En esa película iniciática que es The shining hay una gran maqueta del laberinto, una maqueta que tuve la oportunidad de contemplar hace unos años en la exposición que se dedicó en Barcelona a Kubrick. Cuando Jack Torrance se cierne sobre ella puede ver, diminutos, fácilmente eliminables, a su mujer Wendy y a su hijo Danny que, verdaderamente, están paseando por entre los setos, sólo moderadamente extraviados. Los ojos demoniacos siguen a esos habitantes de la maqueta. Toda mirada que provenga de arriba es pura amenaza. Por eso construimos maquetas: para ser Dios.


Vae victis: nadie tendrá nunca piedad, nadie que crea en las maquetas, que se olvide de la carne, de los latidos, de las bocas.
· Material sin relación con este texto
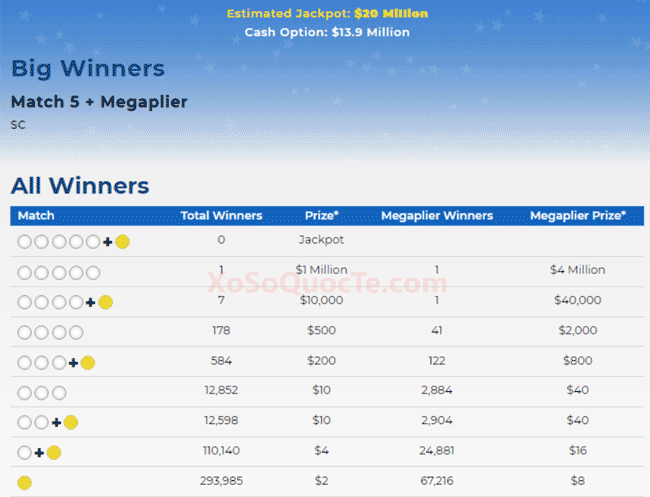 Trong phiên quay thưởng này, người chơi may mắn nhất mua vé tại bang South Carolina và trúng thưởng $4,000,000 nhờ quyền chọn Megaplier 4X. Đồng thời, có 5 người nhận giải Nhì $10,000 từ xổ số Mega Millions, 1 người nhận được giải Nhì $40,000 với ngôi sao may mắn Megaplier 4X,và 1 người chơi mua vé tại California trúng $11,775.

En la traducción al inglés de Die Ringe des Saturn, Sebald cambió el nombre (verdadero) de Alec Garrard por Thomas Abrams, en un nuevo retorcimiento de la relación dificilmente cartografiable entre realidad y ficción. Garrard / Abrams dice a Sebald, o eso dice Sebald que le dijo Ahora, cuando comienza a oscurecer lentamente en los márgenes de mi campo visual, a veces me pregunto si alguna vez acabaré la construcción y si todo lo que he creado hasta ahora no es una miserable chapuza.

Exactamente.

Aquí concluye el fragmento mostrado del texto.